Ambulatory care nursing and its changing face over time has had a major role to play in aligning healthcare provision with its ultimate goal of being patient-centred (Bynum et al 2010, p. 1059). Increased complexity of aliments often requires higher levels and different types of nursing care as compared to that provided in traditional healthcare settings (Hamington 2010, p. 684). Ambulatory nursing practice facilitates healthcare provision based on participation of a wide variety of professionals. The domain of practice further facilitates both leadership for system of healthcare and treatment for patients (Martinez et al 2015, p. 59). Current models of service delivery in ambulatory care enable patients to receive innovative care in the form of care coordination and referrals to external and internal health resources (Ladden et al 2013, p. 1833). Further, assistance for transitioning between varied levels of acuity and different kinds of services is also available. In line with a patient centred approach, ambulatory care has enabled a shift in the focus of care provision (Chokshi et al 2014, p. 782).
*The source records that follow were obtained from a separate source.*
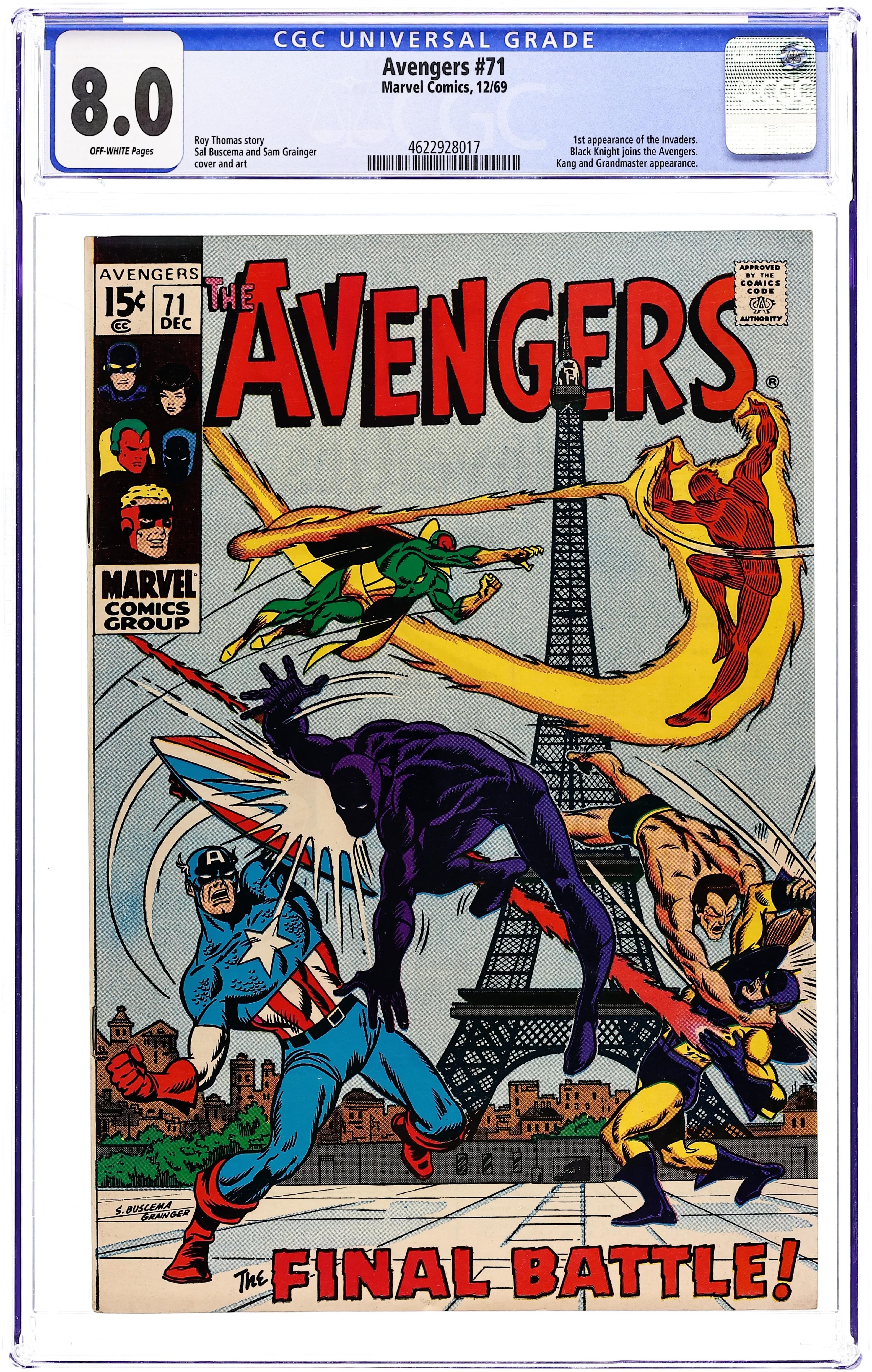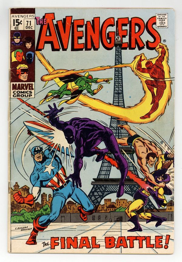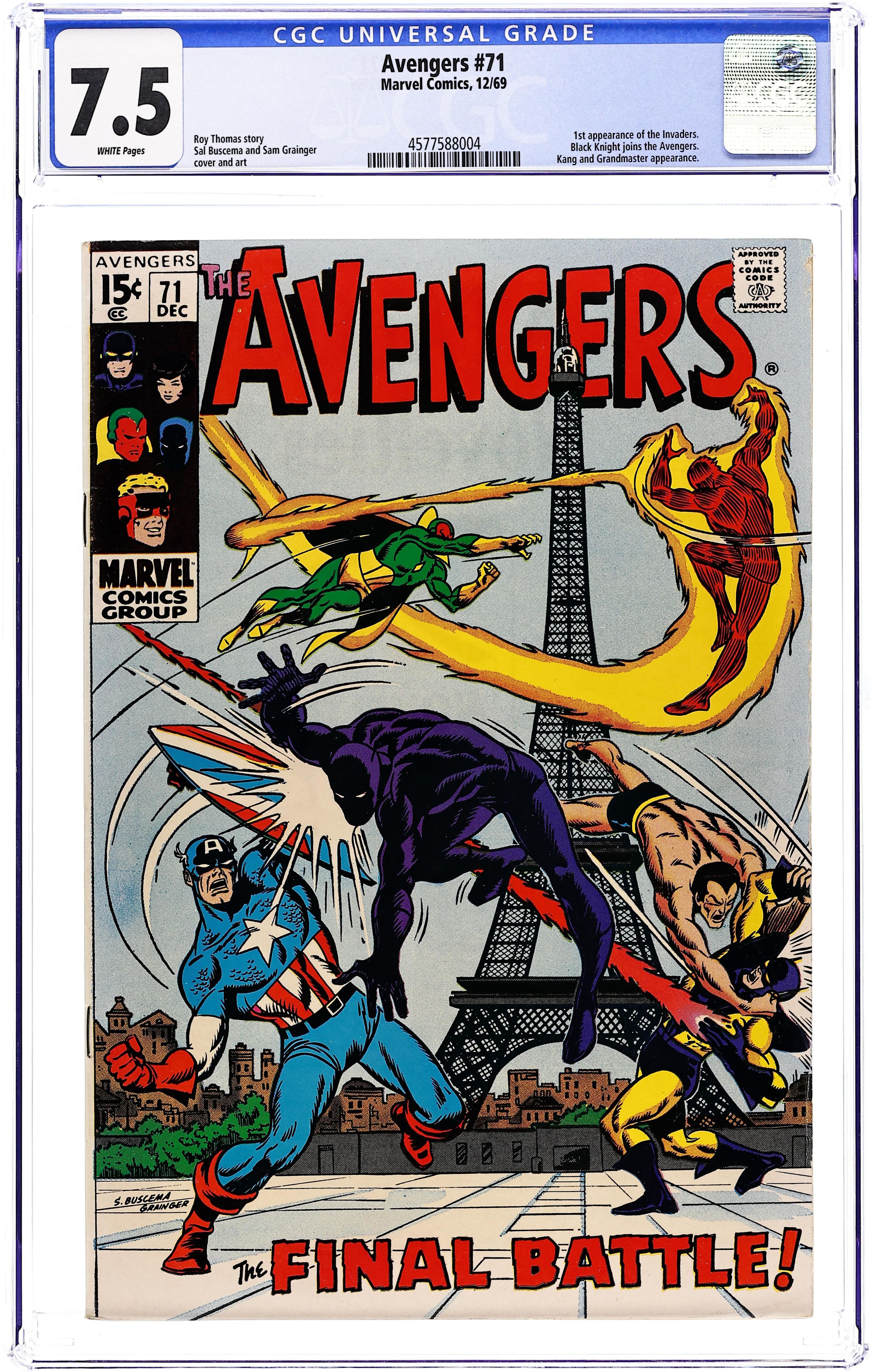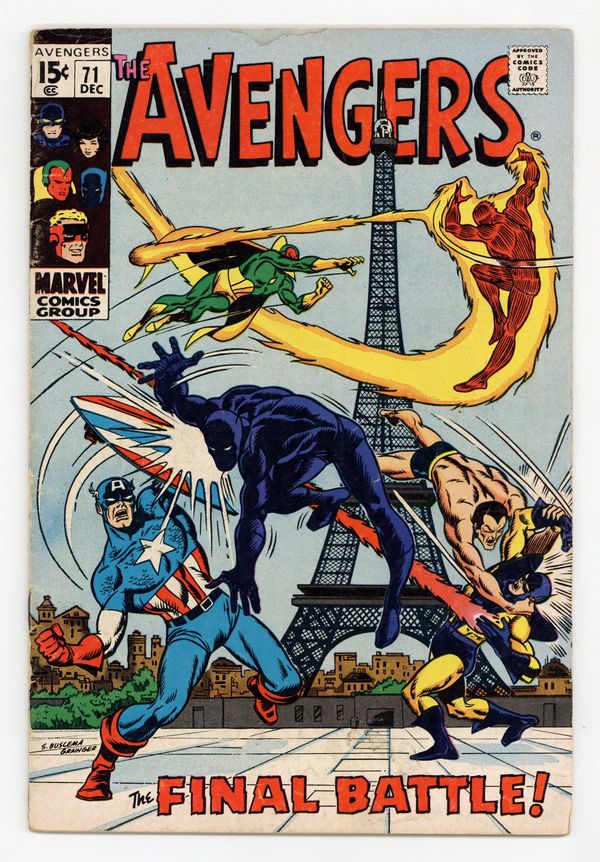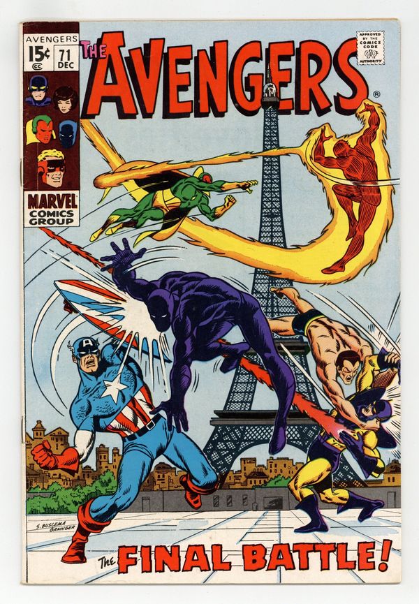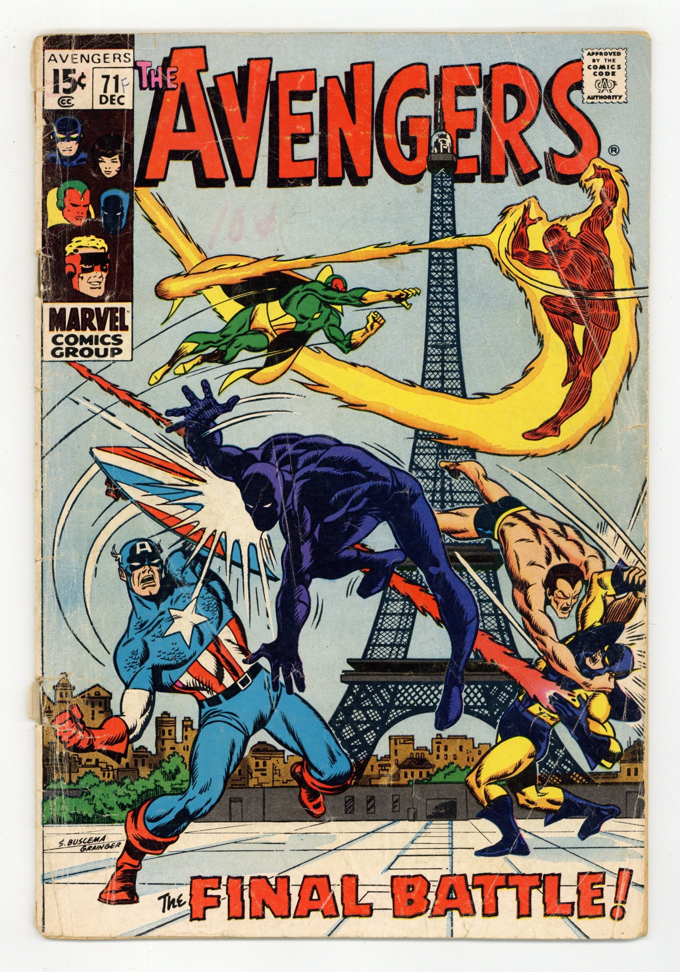 "Endgame!" Part 3 of 3. Guest-starring the Invaders (first appearance). Script by Roy Thomas. Pencils by Sal Buscema. Inks by Sam Grainger. Cover by Buscema and Grainger. The Avengers battle the Invaders in 1941 occupied France! Cameo appearances by Ravonna and the original 6th century Black Knight (aka Sir Percy). Notes: The plot of Avengers 71 overlaps with Invaders Annual 1 published eight years later in 1977. The last page is a pin-up featuring the Avengers. Kang returns in Incredible Hulk 135. This is the second appearance of the original Human Torch in Silver Age/Bronze Age continuity. This issue was reprinted in Marvel Super Action 32 and Giant Size (2008) Avengers Invaders. 36 pages. Cover price $0.15.
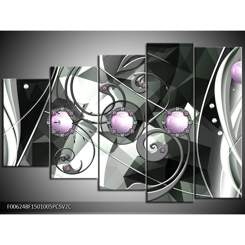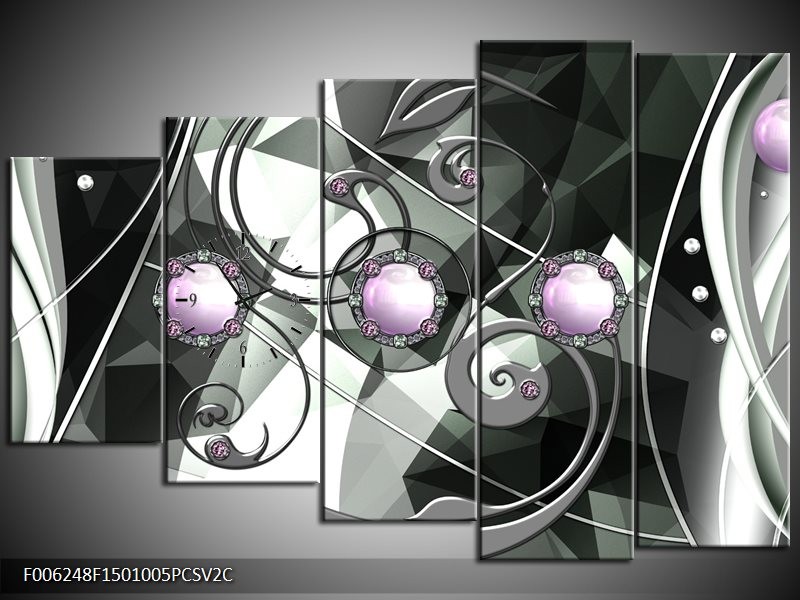 Klok schilderij Modern | Paars, Grijs, Wit | 150x100cm 5Luik
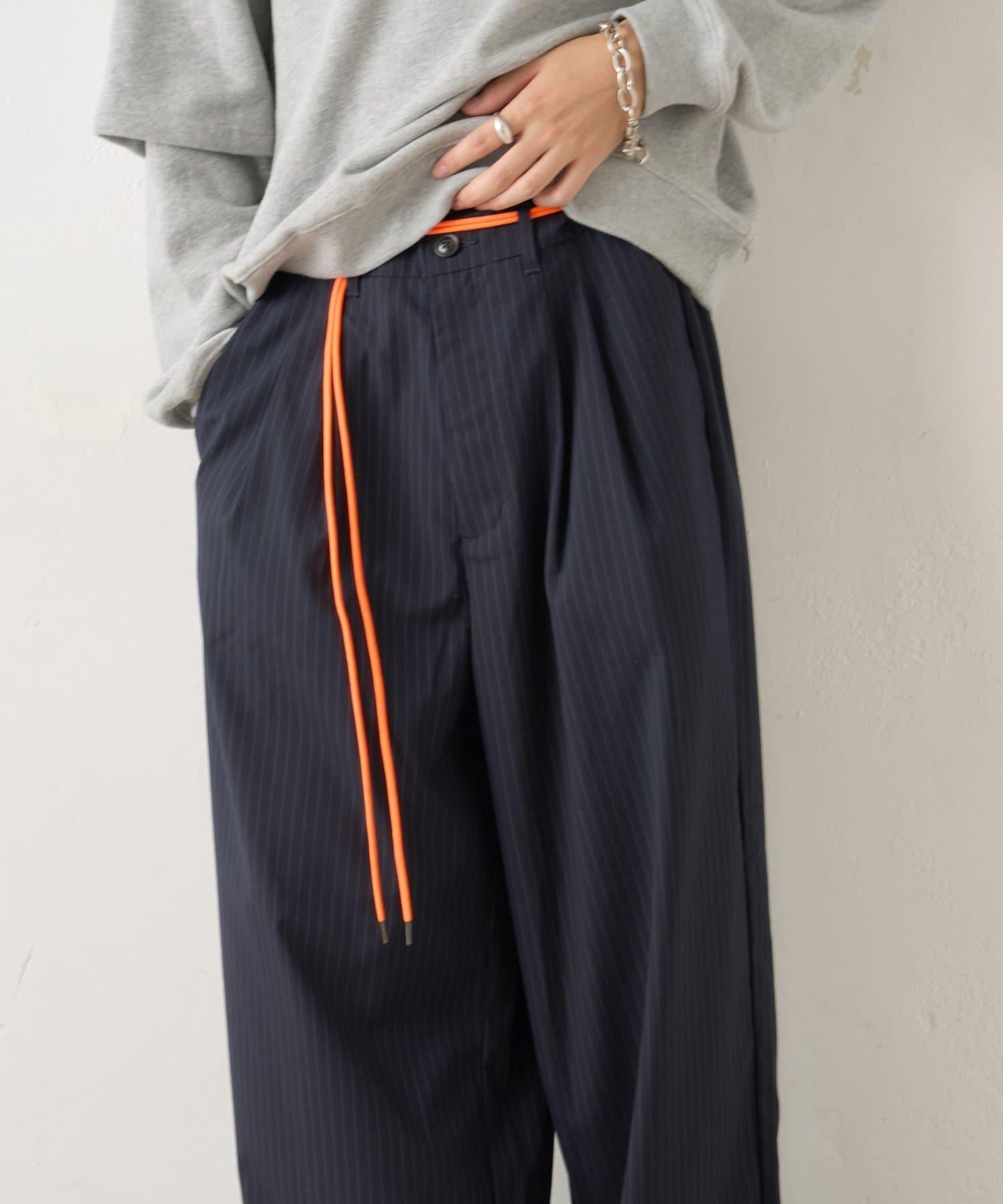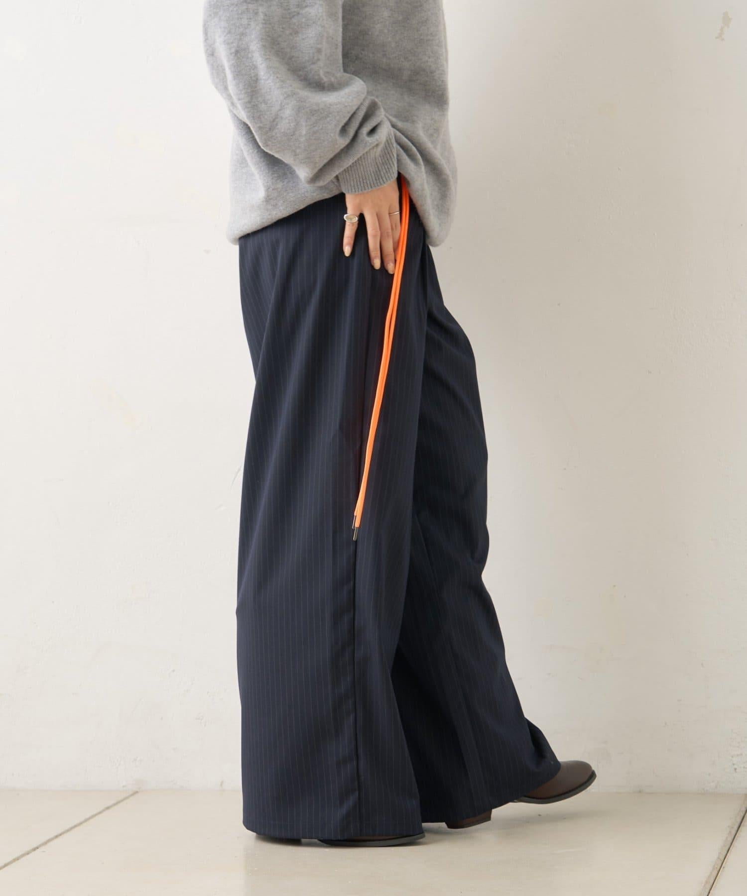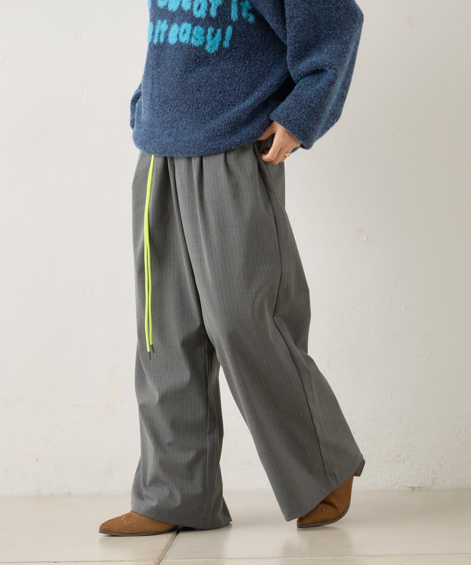 寬鬆休閒褲將經典細條紋與霓虹色繩帶相結合,充滿街頭元素。

In complete contrast to perspectives of curing illness, the domain of healthcare (with ambulatory care at its forefront) focuses on promoting wellness and educating individuals regarding the same (Madsen 2012, p. 77). Support for navigating through the entire system of primary, secondary and tertiary healthcare is also provisioned along with necessary advice for reducing unnecessary healthcare costs (Hewlett & Winn 2014, p. 217).

Registered nurses have worked tirelessly to ensure care provision under the ambulatory care domain aligns well with patient-centred approach to care provision (Vanderboom et al 2015, 21). Quality committees are formed for each ambulatory healthcare centres with the objective of constantly identifying problems, setting benchmarks, disseminating preferred practices and enhancing patient safety (Lee et al 2013, p. 157). Quality committees ensuring participation of qualified nursing professionals at board of director level and constant reports are made on aspects of quality care provision and patient safety (O’Ferrall 2013, p. 328).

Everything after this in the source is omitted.